– Не понял?! 

– Я не поеду к тебе! Поезжай сразу в больницу, мне надо его увидеть!– выпалила на одном дыхании я. 

– Может, не надо? Давай я сам. Пусть он немного придёт в себя, остынет,– попытался достучаться до моего разума Домовёнок. А мне было всё равно. Я хотела увидеть его собственными глазами и убедиться, что с ним всё хорошо, что, по крайней мере, ему ничего не угрожает. 

– Нет! Славик, умоляю, сделай так, как я прошу!– с каждым словом во мне умирала частица меня. Надежда на то, что Давид меня простит, умерла в тот момент, когда я увидела его там, на трассе. 

– Хорошо, но я тебя предупредил, добром это не кончится!– сказал Слава, разворачивая машину. 

– Уже... 

– Что?!– он кинул взгляд в зеркало заднего вида. 

– Уже... Кончилось...– согнувшись напополам от душевной боли, произнесла я, еле шевеля губами. Ничего не ответив на моё утверждение, Домовёнок нахмурился и уставился вперед, пытаясь объехать переднюю машину. И потом всю дорогу до больницы мы ехали молча. Славик изредка кидал свой обеспокоенный взгляд в зеркало и с досадой качал головой. Припарковавшись, я выскочила из машины и, не дожидаясь Славика, двинулась напролом в здание больницы. Пока я добилась хоть какой-то информации, куда госпитализировали прибывшего гонщика, подоспел и Славик. На негнущихся ногах я пошла в указанном направлении. Перед палатой стояла, кажется, Лиза, по крайней мере, так её называл Давид в день нашей свадьбы. Она подскочила ко мне и на повышенных тонах запричитала: 

– Вы только посмотрите, кто припёрся! Пошла вон! Тебе здесь не рады! Девушка злобно кинулась на меня, словно шавка, но мне было всё равно. Я попыталась её обойти и пройти в палату, где лежал Давид. Но дерзкая собачонка, брызгая слюной, преградила мне вход, встав у меня на пути. 
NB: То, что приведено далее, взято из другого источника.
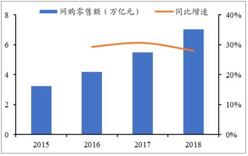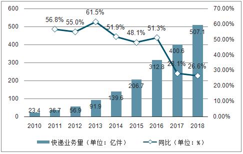 數據來源:公共資料整理 2.電商迅速發展成為包裝紙增長的動力之一 近20年來,中國經濟快速增長,紙包裝業務收入也快速增加。盡管近年來中國經濟增速出現下滑,但是6%以上的經濟增長速度在全球范圍內仍然屬于高速增長,經濟增長對包裝紙需求的拉動作用還在繼續。在經濟發展的大背景下,中國的電商快遞業務從無到有,尤其是2008年以來,快遞業務的收入規模和快遞數量都呈現出井噴式增長,即便近年來增速有所下滑,但是也還是維持在20%以上的超高增長速度,屬于行業從初期的野蠻式增長到逐漸成熟階段的自然過渡。電商業務的快速發展離不開與之相配的線下物流和快遞配送,受電子商務、快遞物流快速發展的拉動,中國的紙包裝業務收入在三種主流包裝形式(紙包裝、塑料包裝、金屬包裝)中一枝獨秀,也呈現出井噴式增長的態勢。 2018年,我國快遞服務企業業務量達到507.1億件,同比增長26.6%?爝f業務增量為106.5億件,快送業務量及増量均創歷史新高。我國日均快件處理量達到1.4億件,最高日處理量達到4.2億件,同比增長25.7%。2010-2018年,我國快遞業務量年均復合增長率達46.9%,是同期國內生產總值增速的6倍以上,增速居現代服務業前列,是我國新經濟的代表行業。我國快遞業務量超過美、日、歐發達經濟體之和,占全球快遞包裹市場份額的一半以上。我國快遞業務量規模連續五年穩居世第一,成為全球快遞包市場發展的動力源和穩定器。 2010-2018年快遞業務量變動情況(單位:億件,%)

– Ты что, не поняла? Вали отсюда!– вскрикнула она, но тут послышался мужской голос: 

– Лиза, прекрати! Отойди, пусть идёт. Развернувшись, я наткнулась на победный взгляд отца моего мужа, и по моей коже пробежался мороз. Нахалка окинула меня брезгливым взглядом и нехотя отступила. Затаив дыхание, я опустила дверную ручку и быстро вошла. Давид будто спал. Его глаза были прикрыты, а дыхание– ровным и глубоким. Сделав неуверенный шаг, я вздохнула с облегчением. Похоже, с ним всё в полном порядке– всего пара царапин. На мой громкий вздох он открыл глаза, и я вновь прочла ту боль, что видела раньше в его взгляде. Сделав очередной шаг к нему навстречу, я буквально споткнулась от следующих слов.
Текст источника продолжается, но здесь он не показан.